Linear Combination of Saved Checkpoints Makes Consistency and Diffusion Models Better
ICLR 2025* = Co-first authorsInternational Conference on Learning Representations
In brief
Training diffusion and consistency models discards a goldmine: the intermediate checkpoints. LCSC uses gradient-free evolutionary search to find a linear combination of saved checkpoints that beats any single one — including the EMA weights that virtually every diffusion pipeline uses by default, which the paper proves suboptimal. The result: up to 23x cheaper consistency-model training, one-step models that beat two-step baselines, and improved text-to-image generation, all without additional training.
Key takeaways
- High-quality weight basins sit near the training trajectory but cannot be reached by SGD or Adam — a linear combination of saved checkpoints can reach them, and searching the coefficients is gradient-free, so even non-differentiable metrics like FID can be optimized directly.
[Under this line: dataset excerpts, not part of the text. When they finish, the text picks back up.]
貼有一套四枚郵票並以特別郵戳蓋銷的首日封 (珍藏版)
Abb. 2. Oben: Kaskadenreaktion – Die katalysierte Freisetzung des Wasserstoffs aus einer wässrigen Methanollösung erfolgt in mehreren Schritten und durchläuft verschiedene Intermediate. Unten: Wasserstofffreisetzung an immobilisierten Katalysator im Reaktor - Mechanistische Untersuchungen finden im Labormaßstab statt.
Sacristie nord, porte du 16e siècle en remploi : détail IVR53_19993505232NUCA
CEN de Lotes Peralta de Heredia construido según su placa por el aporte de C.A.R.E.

- EMA, the default weight-averaging in nearly every diffusion/consistency pipeline, is provably suboptimal; the searched coefficients include large negative values, meaning the best models lie outside the convex hull that averaging methods are confined to.
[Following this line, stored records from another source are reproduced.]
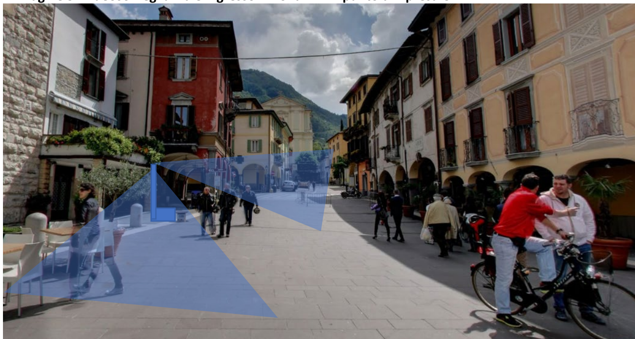
Immagine 5: Videosorveglianza e ingresso in zona ZTL – punto di ripresa C

Posizionamento di panchina o fioriera o cestino rifiuti con inserto per quadro distribuzione energia elettrica in sostituzione del pozzetto ad estrazione dalla pavimentazione – possibilità opzionale di inserimento di cartello informativo per le attività previste nella torre – valutazione di posizionamento di telecamera per videosorveglianza su palo o graticcio con rampicanti anche in posizione diversa dal pozzetto esistente – possibilità di presentare anche più di una postazione (cestino + panchina staccati e distanti ad esempio)
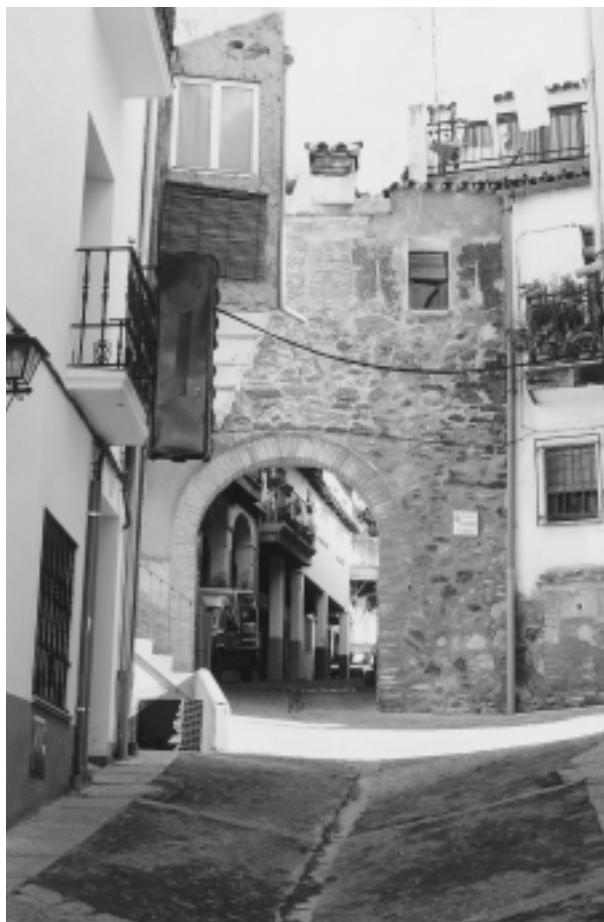
FIG. 1. Barrera de Perálvarez.

otra calle por el mismo lado hasta la puerta de las Eras. Se cita también aquí, además de la calle de san Bartolomé y la de los Caldereros, la calle o barrio de la Corte 27 . El hospital de San Bartolomé parece que estaba fuera del recinto pues se indica «casas que ay desde el ospital de san bartolme subiendo por mano derecha hasta la barrera del rrealejo...» 28 .
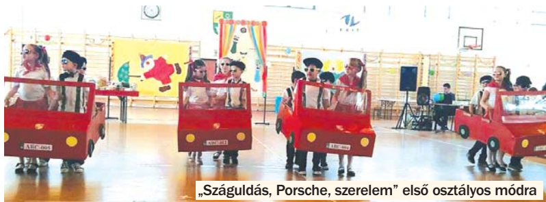
„Száguldás, Porsche, szerelem” első osztályos módra
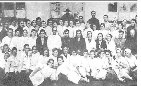
рировано на госпитальном деле. Уже в июле 1941 года в Дербенте

Интересы фронта требовали, чтобы главное внимание органов здравоохранения было сконцент-
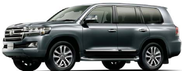
グレーメタリック(1G3)
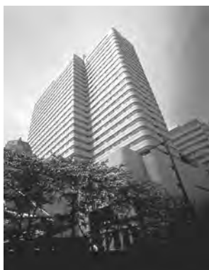
利用補助施設 「ホテルメトロポリタン(池袋)」

- Cuts training cost: on CIFAR-10, consistency distillation with only 50K iterations beats the fully trained 800K model (FID 3.10 vs 3.66), and small-batch training pushes the speedup to 23x (15x on ImageNet-64).
- Upgrades finished models: one-step sampling beats the released model's two-step FID on CIFAR-10 (2.44 vs 2.93), and diffusion sampling drops from 15 to 9 NFE at equal quality — users can briefly fine-tune a released checkpoint and apply LCSC.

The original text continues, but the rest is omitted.